While severely cautioning people about SciW2.0 (but not denouncing), Baum seems to want to walk a fine line.  It’s dangerous, it’s not a panacea, he reads blogs, he’s not an opponent of all W2.0, he agrees with author Jaron Lanier when he warns scientists not to adopt W2.0 ideals, and he finds proponents of W2.0 overenthusiastic.  Perhaps he is just cautioning scientists against ‘irrational exuberance’ when it comes to buying in to SciW2.0.  And those warnings would be well heeded (although I doubt we’re anywhere near the irrationally exuberant days of SciW2.0).  My question for Baum is: if he doesn’t think SciW2.0 is a panacea, does he think the current model for scientific communication (peer-reviewed journals) is a utopia?  And if not, what would he suggest happen differently?

As to his comment about the panacea of W2.0 and how it ‘changes everything’ as he says W2.0 proponents adamantly claim, I suspect he’s referring to Don Tapscott’s and Anthony Williams’ book Wikinomic: How Mass Collaboration Changes Everything.  I haven’t read it, so I can’t comment on it.  But I would imagine, as is true in other areas of life, when people mention ‘everything,’ they rarely mean things like cutting edge academic and scientific research.  Rather, I imagine people mean ‘everyday things,’ usually for everyday people.  I’ll link here to notes by Will Richardson on W2.0 and how it’s changing politics, government, journalism, and business, and how it is starting to change education.  So while it seems to be changing certain industries, I’ll admit that it’s not changing everything.  In fact, I don’t think any of the commenters on the other post thought so, either.  Pop science is not the same as pop culture and does not think the same way.  Comments made in one arena are not necessarily transferable to the other arena.

But rather than getting into a hair-splitting contest over who used what words and who meant what, I propose to move the conversation forward in a different direction.  My open question: What should SciW2.0 look like, and how will we know it’s successful?

W2.0 is ultimately a communication tool.  It harnesses the power and dexterity of the internet and allows people to communicate with each other in ways never before possible and on timescales never before possible.  In certain circles (politics, pop culture), if you’re not actively following the W2.0 scene, you’re way behind and have nothing to bring to the table.  Not so in SciW2.0.  If you’re following SciW2.0, you’re reading about and reacting to people’s analysis of things that happened in the past.  Missing a week or two won’t put you behind, because by and large you’ve already read the same papers and seen the same announcements.

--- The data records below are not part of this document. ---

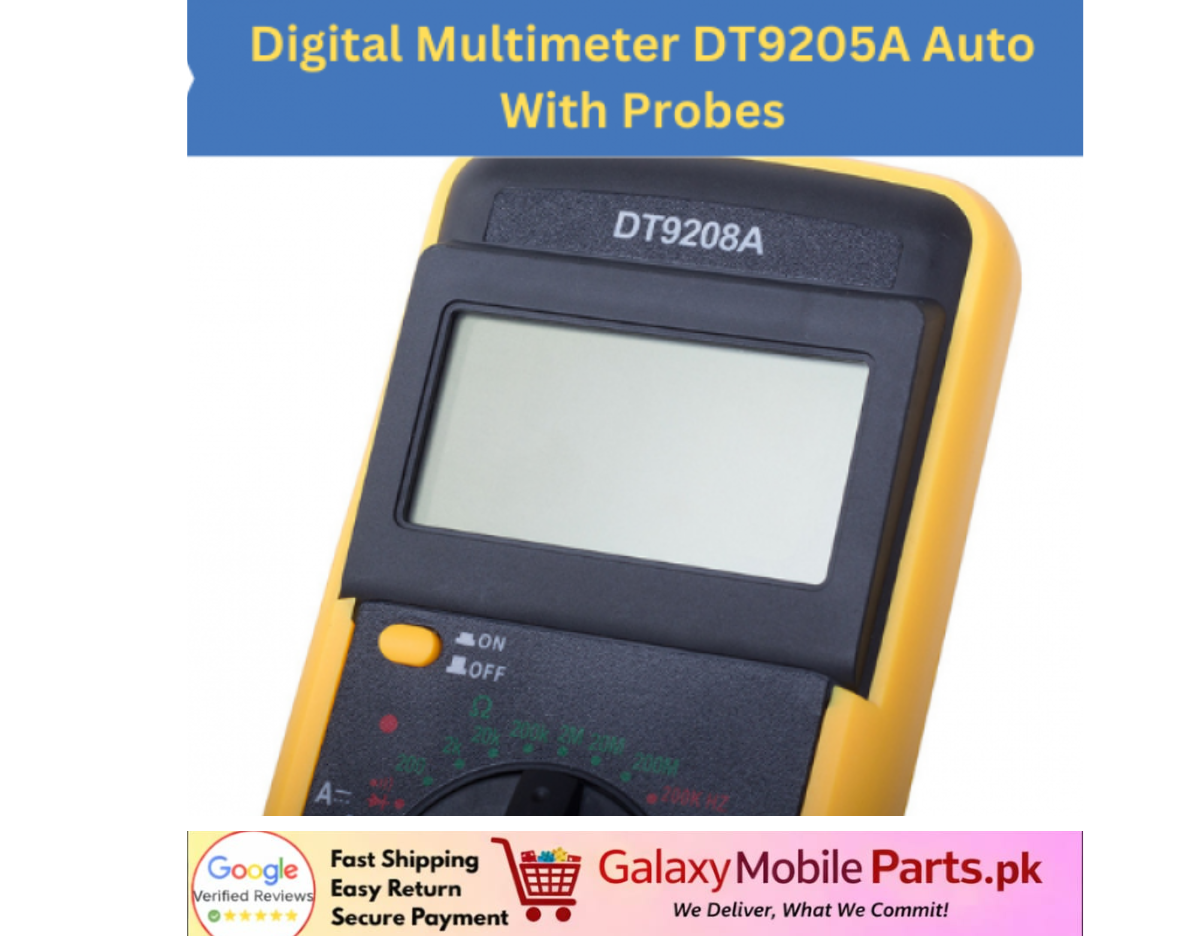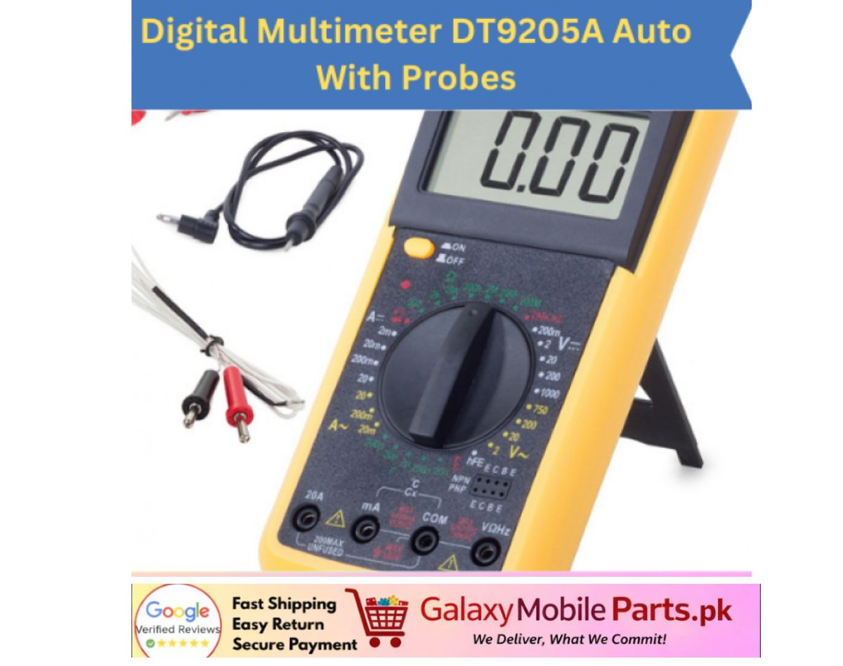 The Digital Multimeter DT9205A Auto With Probes is a highly reliable and versatile diagnostic tool designed for technicians, electricians, mobile repair experts, and DIY users. Known for its accuracy, durability, and user-friendly operation, this multimeter is ideal for troubleshooting electrical circuits, mobile phone repairs, electronic boards, home appliances, and automotive systems. Whether you’re measuring voltage, current, resistance, continuity, or testing components like diodes and transistors, the DT9205A delivers precise and consistent results every time.
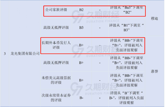 3月7日穆迪和惠誉同时下调,穆迪将龙光集团的公司家族评级从“Ba3”下调至“B2”,穆迪对该评级的定义是“缺少理想投资的品质还本付息,或长期内履行合同中其它条款的保证极小”,高级无抵押评级也下调到了“B3”。惠誉则将公司长期外本币发行人评级从“BB-”下调至“B+”,其他细分评级也一并下调,同时所有评级继续列入负面观察。
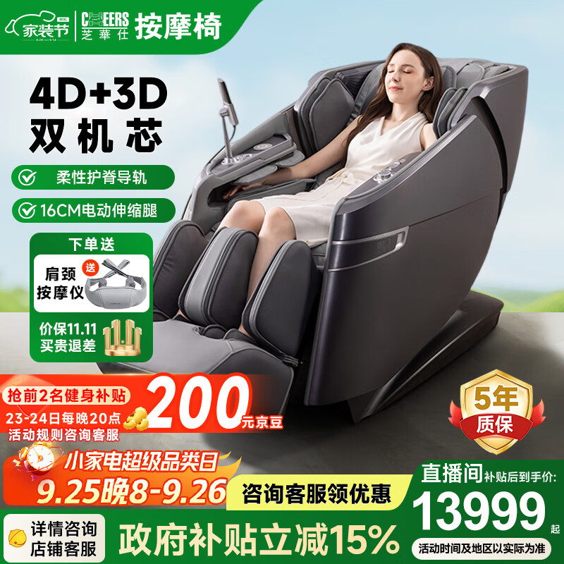 自营芝华仕家用全身智能全自动按摩椅揉肩颈 京东自营2025家用政府补贴送父母送长辈礼物M995深空黑-现货闪发

I doubt that SciW2.0 will become an instant data/paper communicating tool for hard science anytime soon the way it has in other aspects of life.  I agree with the reasoning by Timo Hannay in the Nascent link:

[E]ven if the direct financial cost of sharing this information is low, the cost in terms of scooped findings, rejected papers and grant applications, and perhaps even diminished reputation could be very high. … It’s sad, but most scientists don’t publish in order to share results with their peers, they do so in order to secure grant funding and promotions. We know this because when we provide ways of sharing information that do not affect their likelihood of getting funding or promotions – such as preprint servers for biologists – most don’t use them.

There will always be a place for reactionary SciW2.0.  Communities of people talking about science and sharing ideas and information cannot hurt anyone.  But because there’s rarely breaking news coverage on SciW2.0 (see Totally Synthetic’s sodium hydride oxidation post for an example of breaking news coverage), the majority of chemists don’t seem to find the need to tune in regularly.

Before we’ll get large numbers of people on board, in my opinion, might we need to make SciW2.0 less reactionary and more innovative?   I think we’ve started seeing bits and pieces of that scattered throughout, and that might be how we make it more appealing to the science community at large.  I mentioned in the comments previously that ACS had their NanoTube contest, which asked users to upload original videos explaining ‘What is Nano’ in an clear and entertaining way.  Perhaps this is the way science utilizes W2.0 in a productive manner.  Demystifying aspects of science to make it accessible to anyone curious about science, but perhaps without the training.

But, as the Nascent link alludes to, other types of crowd sourcing have not been as successful.  Nature‘s open peer-review system posted a small number of ‘opt in’ papers online and asked the crowd to review and comment on them before being accepted to the journal.  The open peer-review process happened concurrently with the ‘typical’ closed, anonymous peer-review process.  As noted if you listen to the audio version of the talk, it added no apparent value, but a lot more work for the Nature folks, so they abandoned the experiment.  I suspect it was just ahead of its time.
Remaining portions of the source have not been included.